Страница 119 из 119
— Так что делать с этими людьми — коммунистами, террористами? — продолжаю я проверять старца на любовь. — Убивать, потому что они никогда не исправятся?
— Смертная казнь запрещена, — говорит старец.
— А как надо? Как правильно?
— Как правосудие признает государственное, вот как.
— Но вы за смертную казнь или против?
Старец вздыхает:
— Ой… я должен подумать, сразу сказать не могу…
Я молчу в надежде, что он подумает прямо сейчас, но и он молчит.
— Вот так, — разводит он руками.
Я еще какое-то время жду. Нет, прямо сейчас не скажет, а вот уйти в себя может.
— Скажите, а старец — это кто? — спрашиваю я громко.
— Старец… старец… Что такое христианство? Идеал. Каждый человек должен достигнуть своего возраста духовного… Живя молитвой, идеалом христианства, человек достигает высокого качества духовной жизни. Вот таких в народе называют старцами.
— А вы старец?
— Я старик. Какой я старец?
— Но так вас в народе называют.
— Ну… что назвать? Назвать легко…
— Люди к вам приходят как к старцу.
— Ну так что ж?
— А еще вас называют чуть ли не единственным старцем в России…
— Я не знаю, я старик только, — тихо говорит инок.
— Так что бы вы сказали о тех, кто устраивает теракты?
— Фанатизм! Все тот же фанатизм! — снова выпрямляется он. — Разве это не фанатизм, когда миллионы людей из-за человека погибли, а ему поставили пьедестал, памятник ему на площади красуется! — старец снова уходит от настоящего в сторону коммунистического прошлого. — Сколько он душ загубил?! Сколько душ отвратил от Бога?! А его терпят, держатся фанатики за него, — частит он, как молитву, но не монотонно, а горячо. — Выбросить его надо.
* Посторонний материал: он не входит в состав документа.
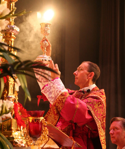 Ensuite, on nous dit que le Christ au cours de la Messe est rendu présent, oui, mais rendu présent avec tous Ses mystères salvifiques et non pas par l’œuvre (soi-disant) « magique » de la Consécration, qui est une œuvre « magique », mais par le vécu de l’action liturgique communautaire qui objective les mystères du Christ. Ainsi, donc, le mystère du Christ, en particulier le mystère pascal, devient le mystère du culte. Voilà ce qu’on nous dit, en particulier Mgr Hannibal Bugnini, cheville ouvrière de la réforme liturgique. Donc il ne s’agit pas de consacrer le Corps et le Sang du Christ, mais d’évoquer ensemble, activement, communautairement, liturgiquement tout le mystère du Christ, en particulier Son mystère Pascal, donc en mettant en évidence la Résurrection et l’Ascension du Christ.

Выбросить! — задыхается старец, а у меня округляются глаза. — Потому что проклятие оттуда. Проклятие на Россию — оттуда оно!
— Вы думаете? — холодно спрашиваю я, не принимая того, что старец мне хочет сказать, отказываясь верить, что и у него есть свой «сосед», которого он ненавидит. — Вы всерьез полагаете, что теракты в нашей стране совершаются оттого, что Ленин лежит в мавзолее?
— Конечно! — говорит он так нетерпеливо, будто ему хочется стукнуть меня по лбу.
— Да ну, не будет же Бог из-за этого всю страну проклинать, — смеюсь я. — Мы же все разные… Да и Он нас любит.
— Бог дал человеку свободу. Если плохо себя человек повел, то наказание человеку должно быть. Грех — это не только уголовное преступление. Плохо подумать — тоже грех. Мысли грязные принял — уже есть грех. Понимаешь?
— Но мы не властны над своими мыслями. Они… сами лезут.
— Как мухи, — строго шутит старец. — Вот почему надо молиться. Молитва укрепляет в добре, и человек тогда разумно мыслит и действует. Во благо и себе, и другим.
— И все же, если бы к вам пришел террорист, что бы вы ему сказали?
— Люди каются, даже убийцы. И они исправляются. Дается им наказание — епитимья.
— Неужели епитимья искупит такое?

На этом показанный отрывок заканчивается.